Do we need an international EDA roadmap?
J. Borel (JB-R&D), H-P Koch and Michel Burle (Catrene org.), A. B. Kahng (ucsd)
9/7/2010 7:26 AM EDT
1. Introduction
EDA has long been considered as a “soft business” led by a limited number of companies, mostly located in the United States (in the early 1980s) and competing on the basis of functionalities sometimes in a closed environment to sell their incomplete offering to their customers.
This situation has forced some of their ASIC customers, at that time, to develop internally EDA packages (such as hardware synthesis), a costly and limited solution for a semiconductor company.
Libraries then started to be developed internally, creating large teams of very skilled experts within one single company and at unaffordable costs…but nothing changed at EDA suppliers.

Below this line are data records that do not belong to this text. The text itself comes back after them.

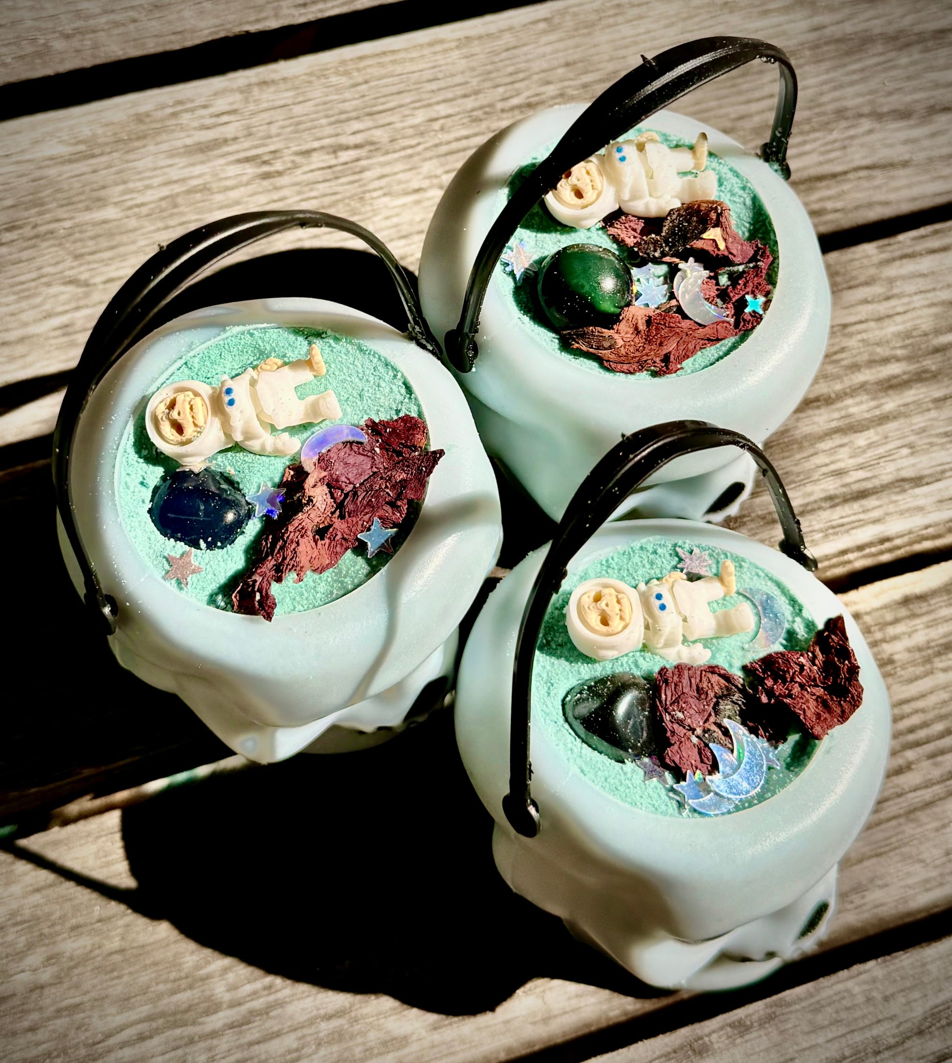 ✨ Note: Every cauldron/rounded bath bomb is handmade with love, making each one uniquely designed, with varying stone types and decorative details.
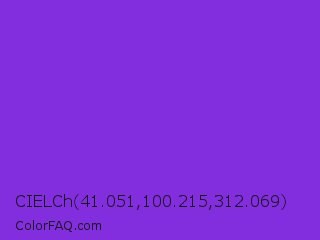 CIELCh 41.051,100.215,312.069 Color is a normal violet color and the nearest color is Blue Violet #8a2be2. Hex code #822dde and RGB value is rgb(130,45,222). In RGB color space, this color is composed of 51% red, 18% green, 87% blue, In CMYK color space, this color is composed of 41% cyan, 80% magenta, 0% yellow , 13% black , In HSL color space, this color has a hue angle of 269° , 73% saturation and 52% lightness.
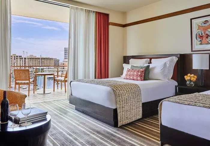 De kamers in dit hotel zijn de grootste van de stad en ze hebben allemaal eigen balkon, Nespresso-machine, flatscreen tv, bad en uitzicht op het bruisende gebeuren in de haven.
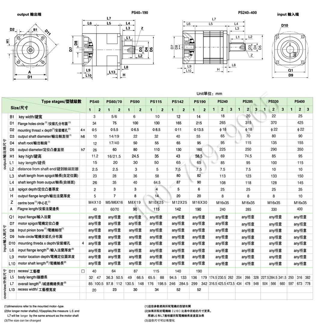 外形尺寸:40mm---400mm
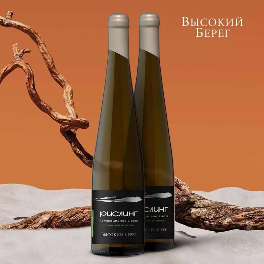 «Высокий берег. Рислинг. Зеленая серия» (2018) — коллекционное сухое белое вино. Часть вина выдержана на тонком дрожжевом осадке в контакте с альтернативным дубом, другая — более 12 месяцев в дубовой бочке.

There were few early startups developments, some of them bringing some degree of innovation at the industrial level on a limited area of the design flow around 1975 both in the United States (e.g. Stanford) and in Europe (The Computer Science and Applied Mathematics Institute of Grenoble (IMAG) developed the first electrical simulation tool called IMAG XX).
At this point of time, more complex chips were developed driving the need for more industrial solutions, and EDA tool suppliers in the United States started selling more dedicated tools such as synthesis, place and route operating as “standalone” tools and often from various EDA providers.
Some developments at universities (above-mentioned IMAG simulator) or internally at semiconductor companies were achieved when the design flow was missing these functions.
Industrial solutions started to appear later from the United States (Cadence, Synopsys, Mentor), each company having a dedicated field of expertise with tools operated in standalone mode by ASIC designers. This situation is still mostly true, and companies individually have made significant progress in their fields of expertise through consolidations.